Until 2022 (and one should note in particular that the Jess Phillips comment was in 2020), there was no no-fault divorce, and it was not clear whether “refusal to either consent or annul the marriage on application after an IGRC has been issued” constituted unreasonable behaviour, in which case five years’ separation without consent would be required for a divorce.
While this isn’t a perpetual veto, a five-year veto is very considerable, the ability of a spouse to keep a partner in a marriage against their consent for a long period of time has clear potential for abuse – as indeed this article correctly points out in the reverse case.

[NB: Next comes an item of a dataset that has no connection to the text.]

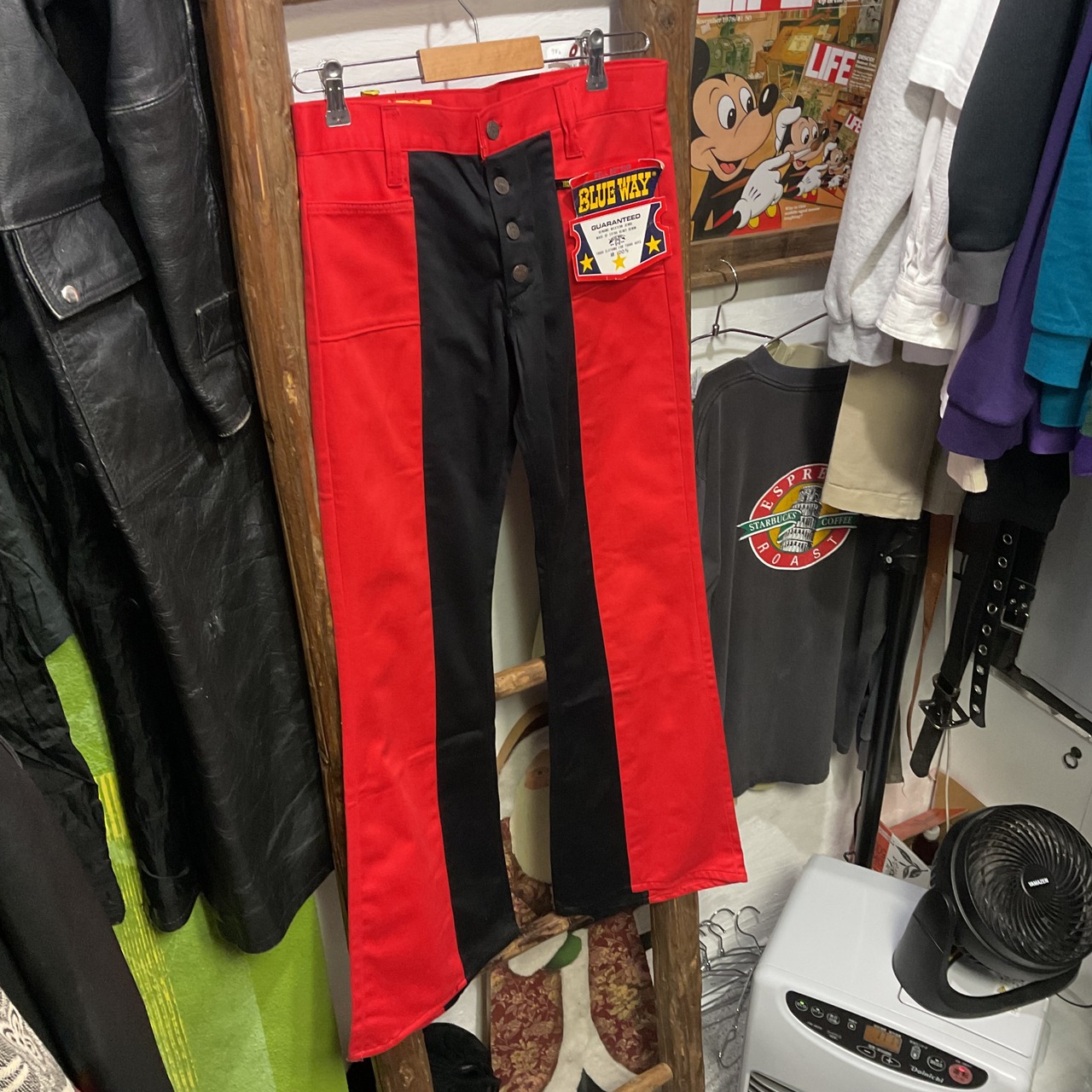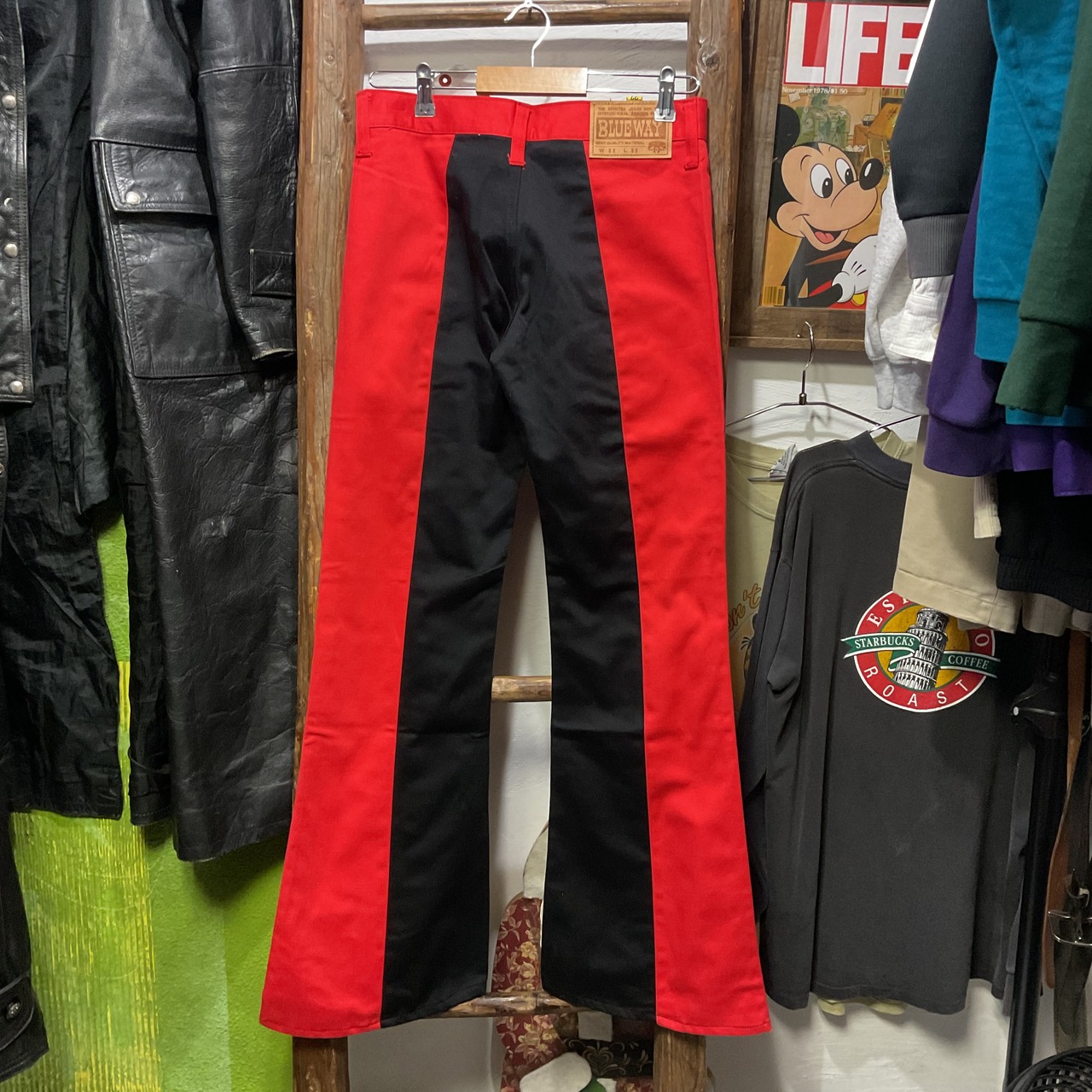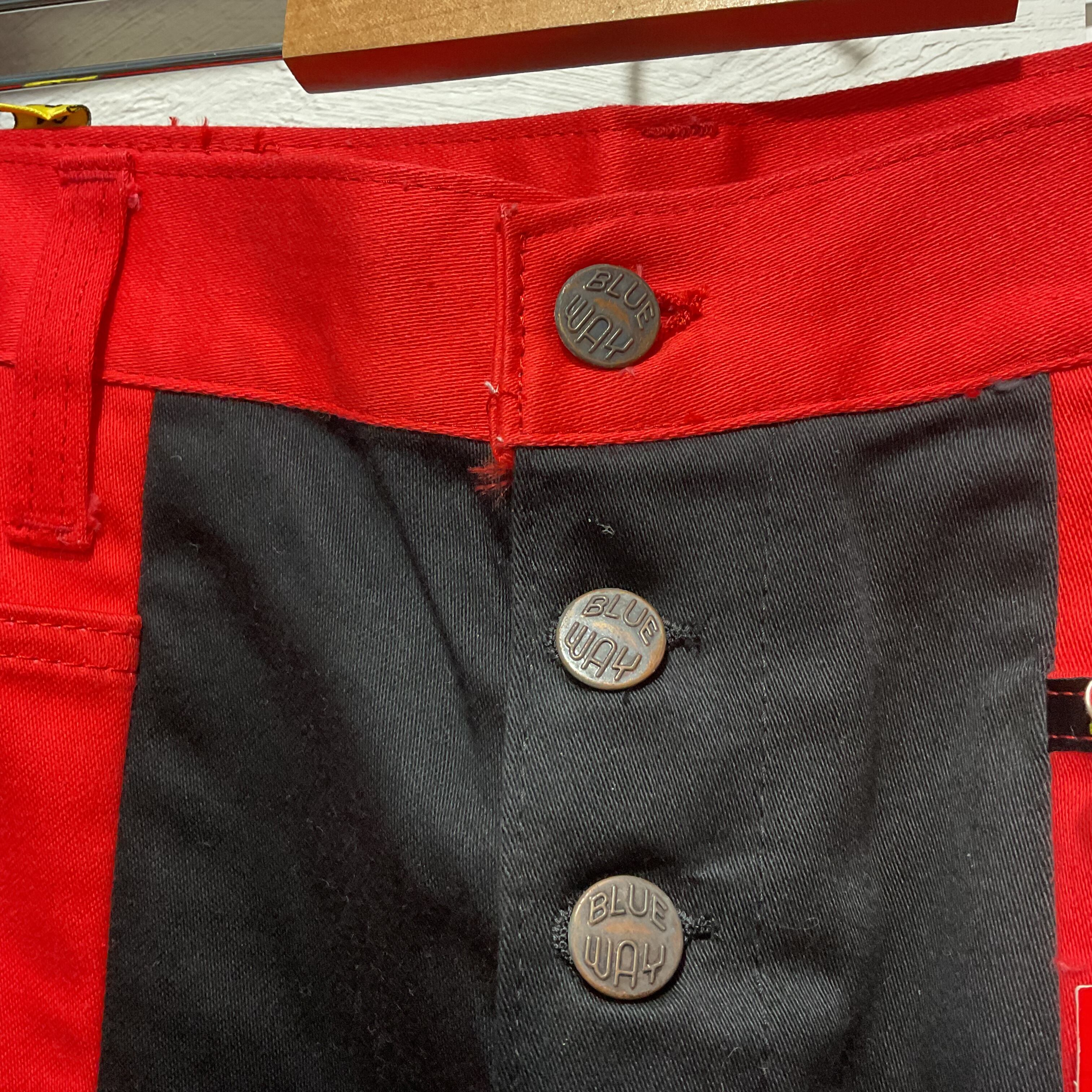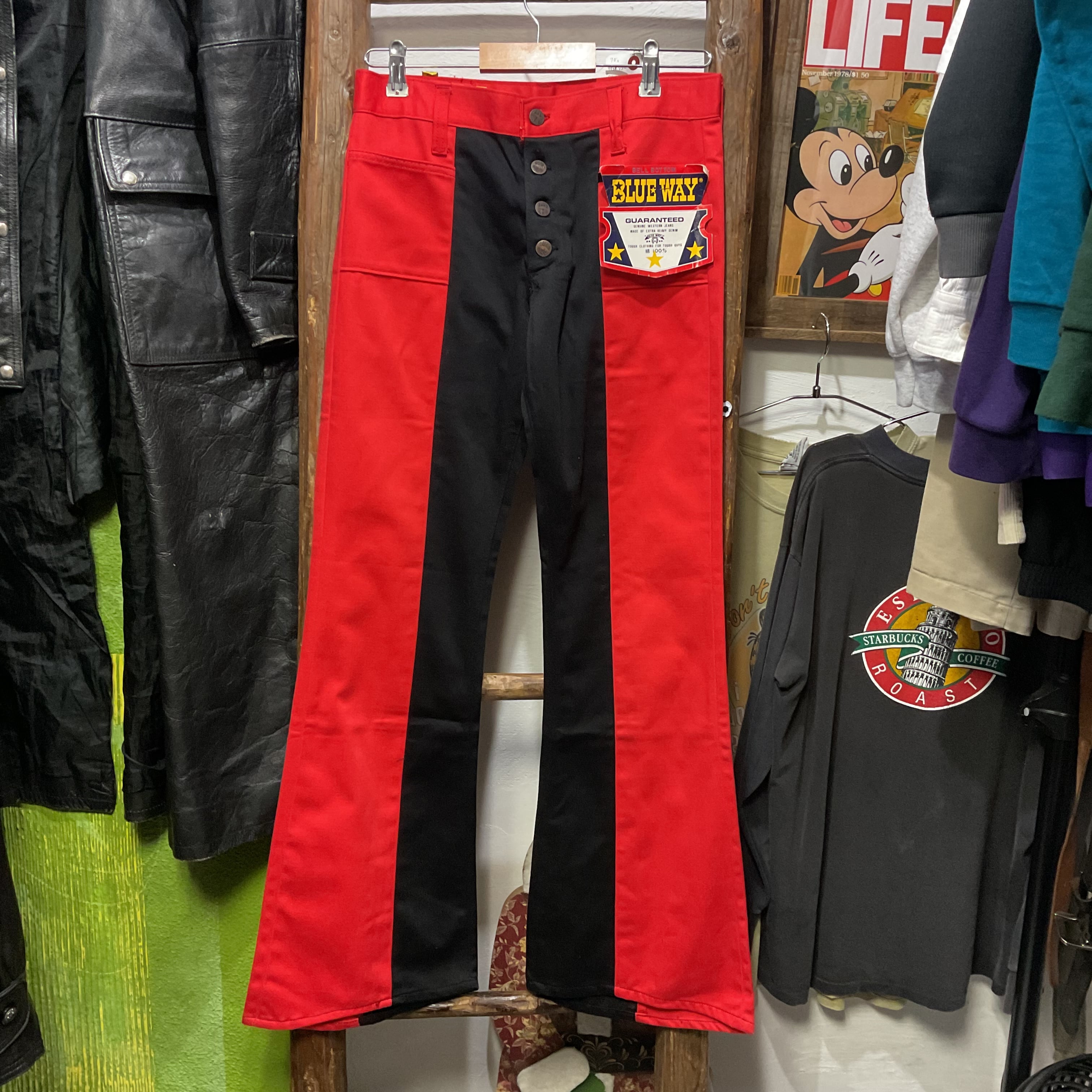 70's BLUE WAY Red/Black Two-Tone Bell-Bottom Jeans

Now that we have no-fault divorce, it is worth asking whether applying for such would be faster from the point of view of the applicant than the IGRC/annulment procedure, in cases where they know that their spouse has no intention of consenting to continue the marriage.
One straightforward legal approach here would be that once presented with the IGRC, the non-transitioning spouse would have the six months to either consent or annul, and if they failed to do so, then it would be treated as an annulment and the GRC would be issued. The alternative possible approach would be to make transition grounds for annulment if the annulment is applied for within six months of the grant of the GRC, and to require a spouse to be notified of any GRC application.
There is a convention that manifesto proposals do not spell out legal details precisely. This is because the civil service and government lawyers will draft the actual text of a Bill, and being tied to a commitment made in a manifesto by politicians who are not legally expert would just result in bad laws being passed. The objective of the Liberal Democrat policy is clear: that a married person can transition without the ability of a spouse to excessively delay that process by refusing consent but also refusing to end the marriage.
At the moment, if there is no action on the IGRC, then that application has been blocked by the spouse (which is why it’s referred to as a “spousal veto”) and the transitioning partner has to reapply after divorce. The fact that a second application can be later accepted does not mean that the first application has not been denied.